» **Exercise requirements**
Among the entries below, only the lines from the one with "Date31 August 1974Reference" through the one with "Anmerkung: Alle Eintragungen" are wanted, reproduced exactly. Pictures are not wanted.

:: Material supplied

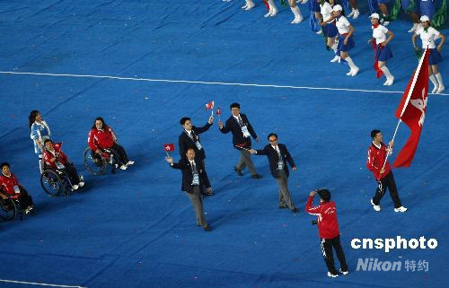 9月6日20時,北京2008年殘奧會開幕式在國家體育場“鳥巢”舉行,圖為中國香港代表團(tuán)入場 。 中新社發(fā) 盛佳鵬 攝
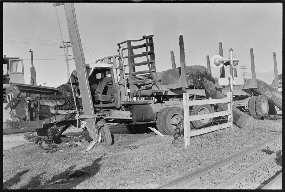 Date31 August 1974Reference Numberphoto gcc-24932DescriptionLogging truck after it collided with a train, at the Hewletts Rd level crossing, Mount Maunganui. Not published.FormatNegativePhysical Description35mm black-and-white negative (21/21)Photographer/CreatorBay of Plenty Times
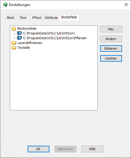 Anmerkung: Alle Eintragungen in den Blockpfaden werden nur dann ausgewertet, wenn die jeweiligen Objekte bzw. Definitionen nicht in der aktuellen Zeichnung vorhanden sind. Anderenfalls gelten immer die Inhalte der aktuellen Zeichnung. |
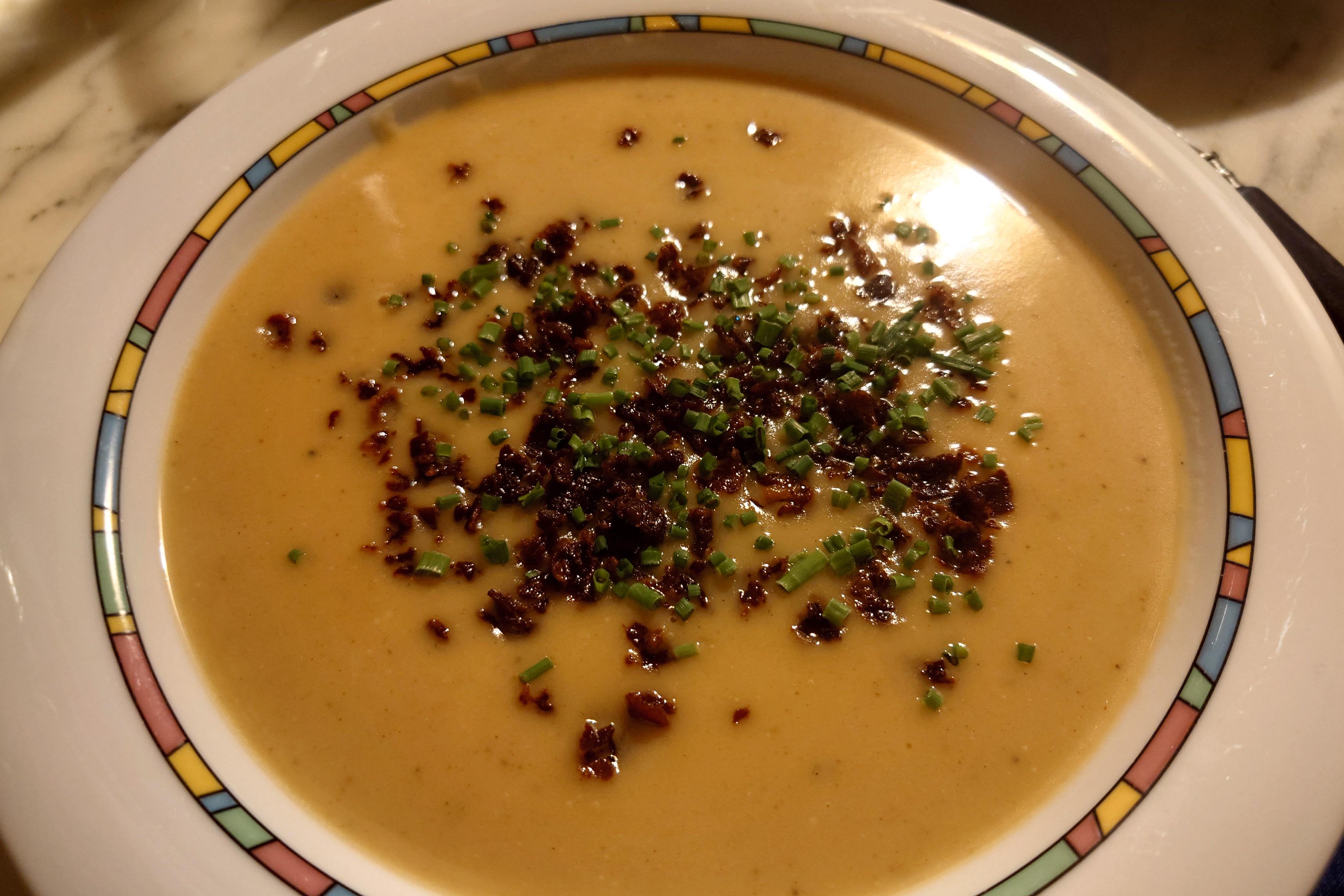 Abschmecken (je nach dem was für Brühe ihr hattet braucht ihr jetzt vielleicht kein Salz mehr) und servieren mit Schnittlauch und Speck, wenn ihr noch Sahne habt könnt ihr die auch halbsteif schlagen und einen Löffel auf die Suppe geben.
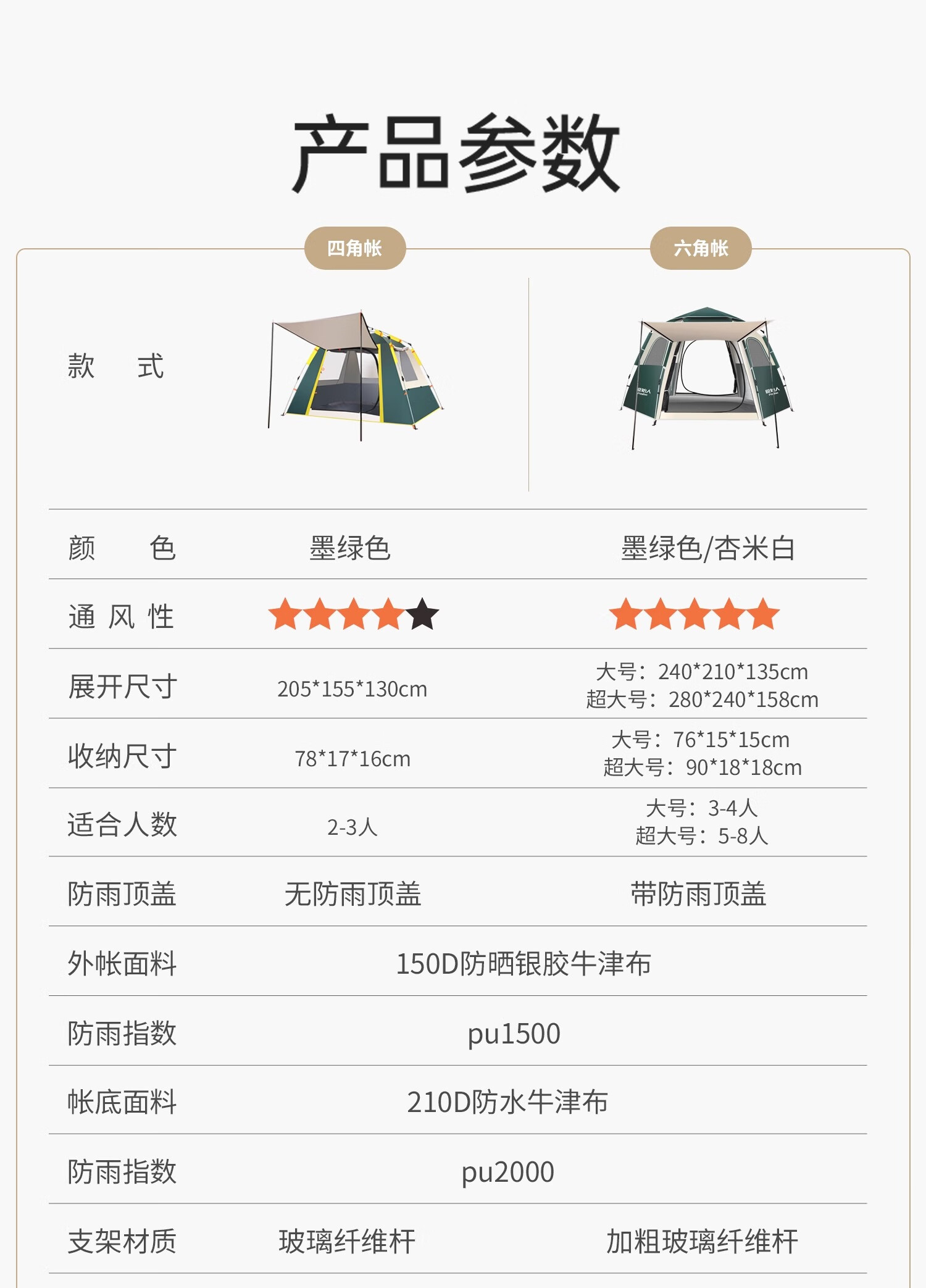 容纳人数:4-5个人没问题 透气效果:4面都有窗户,透气性很好 便携性能:很方便,一展就开 防水效果:没试过
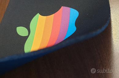 Tappetino per mouse nero con logo vintage Apple rainbow del mitico Macintosh. Le dimensioni di questo tappetino per mouse a forma rettangolare sono 18 x 22 x 0,3 cm di spessore, (sembra molto robusto e di buona qualità), credo sia di neoprene con uno strato superiore di tessuto dove è stampato il logo. Le condizioni sembrano ottime, senza nessun difetto visibile.
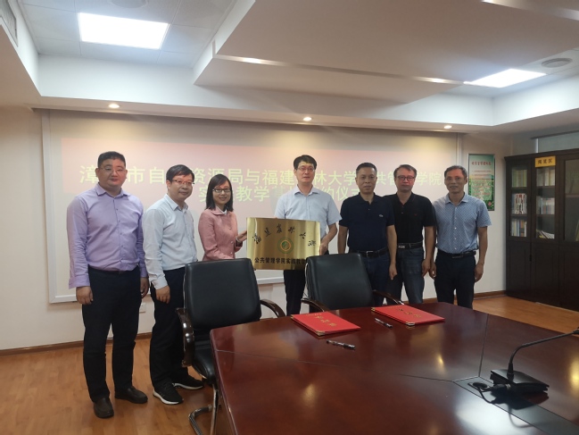 周毕芬代表学院与漳州市自然资源局签署共建基地协议,阮晓菁向漳州市自然资源局授予基地牌匾。
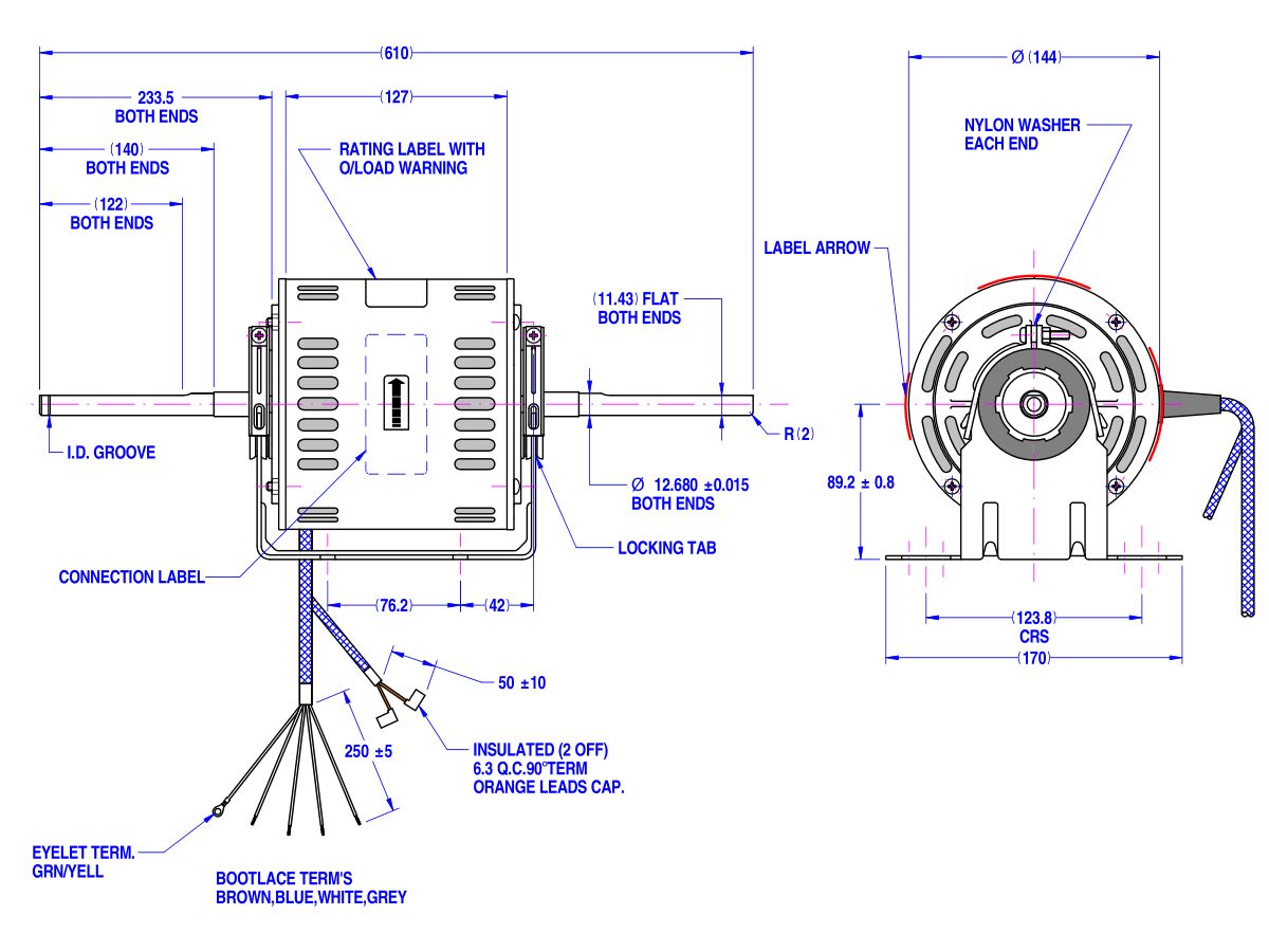 Specification Sheet - Fasco Fan Motor 240V 750W 808555QVA-A11S
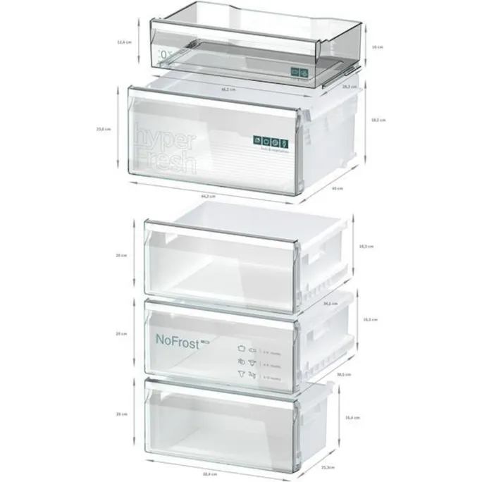 Genügend Platz für all dein Obst und Gemüse. Und eine separate Schublade mit optimierter Kaltluftzufuhr für Fisch und Fleisch, die deine Lebensmittel länger in Topform hält. Mehr Platz und ideale Lagerbedingungen in einem einzigen System.
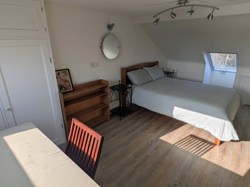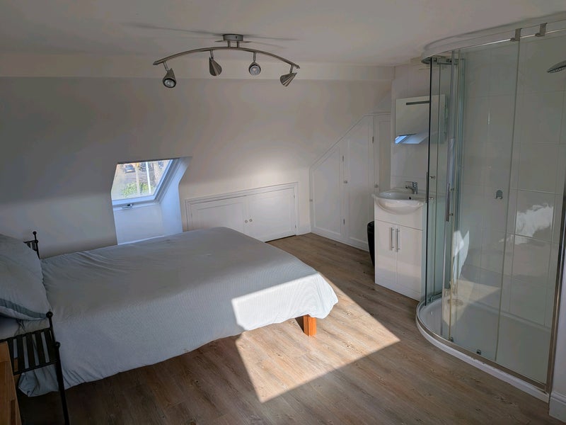 The bright and spacious bedroom has it's own shower and sink, a double bed, plenty of storage and a desk.
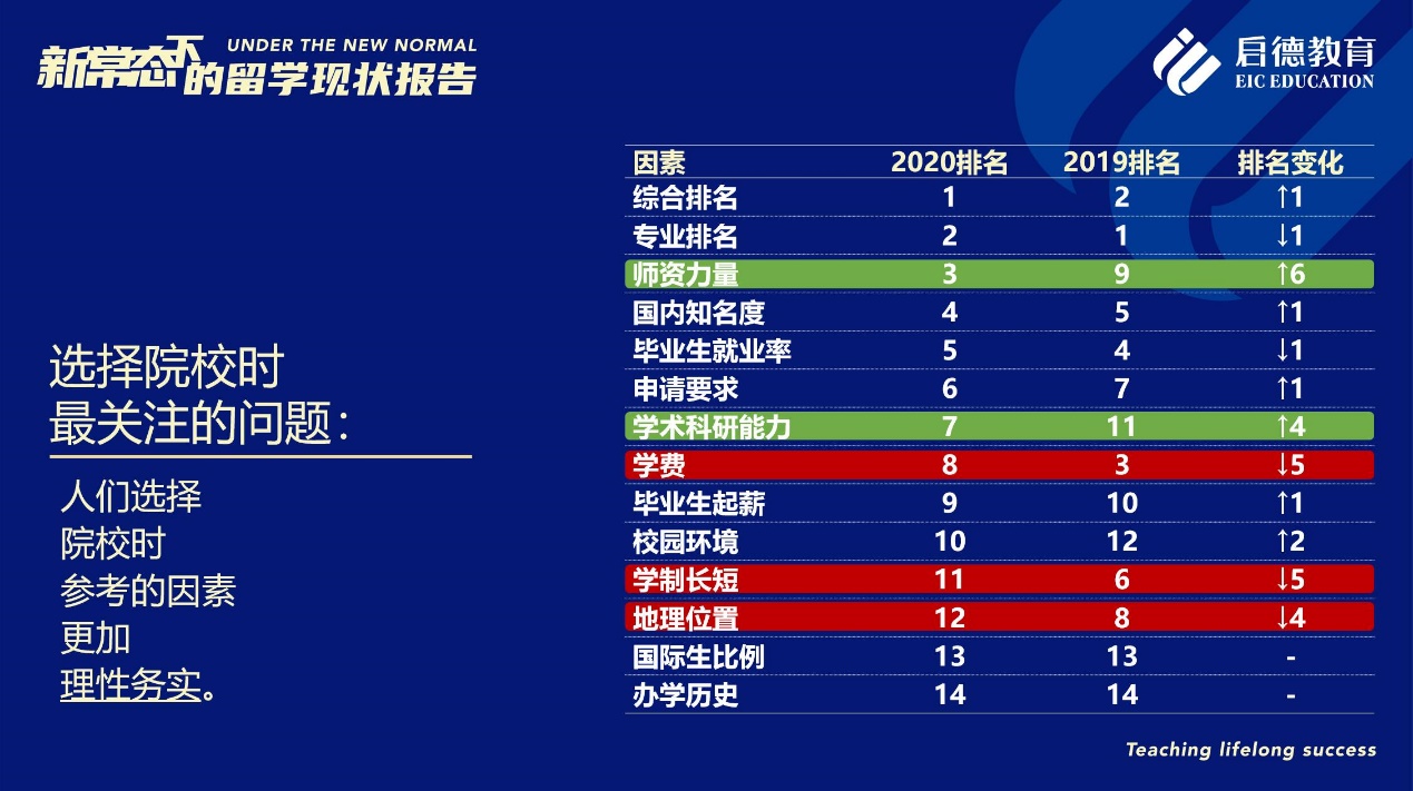 值得關(guān)注的是,在“選擇院校時(shí)最關(guān)注的問(wèn)題”中,“師資力量”的受關(guān)注度從2019年的第9位上升為第3位,僅次于“綜合排名”與“專(zhuān)業(yè)排名”,“國(guó)內(nèi)知名度”與“畢業(yè)生就業(yè)率”分居第4位與第5位,“學(xué)術(shù)科研能力”從2019年的第11位上升至第7位,而“學(xué)費(fèi)”、“學(xué)制長(zhǎng)短”與“地理位置”等因素分別下滑至第8位、第11位與第12位。可見(jiàn)在就業(yè)形勢(shì)尤其嚴(yán)峻的2020年,意向留學(xué)生對(duì)教育質(zhì)量的剛性需求已進(jìn)一步上升,以期在未來(lái)的就業(yè)市場(chǎng)獲得更具戰(zhàn)略?xún)?yōu)勢(shì)的國(guó)際競(jìng)爭(zhēng)力。

::::

» **Response to the task**
 Date31 August 1974Reference Numberphoto gcc-24932DescriptionLogging truck after it collided with a train, at the Hewletts Rd level crossing, Mount Maunganui. Not published.FormatNegativePhysical Description35mm black-and-white negative (21/21)Photographer/CreatorBay of Plenty Times
 Anmerkung: Alle Eintragungen in den Blockpfaden werden nur dann ausgewertet, wenn die jeweiligen Objekte bzw. Definitionen nicht in der aktuellen Zeichnung vorhanden sind. Anderenfalls gelten immer die Inhalte der aktuellen Zeichnung. |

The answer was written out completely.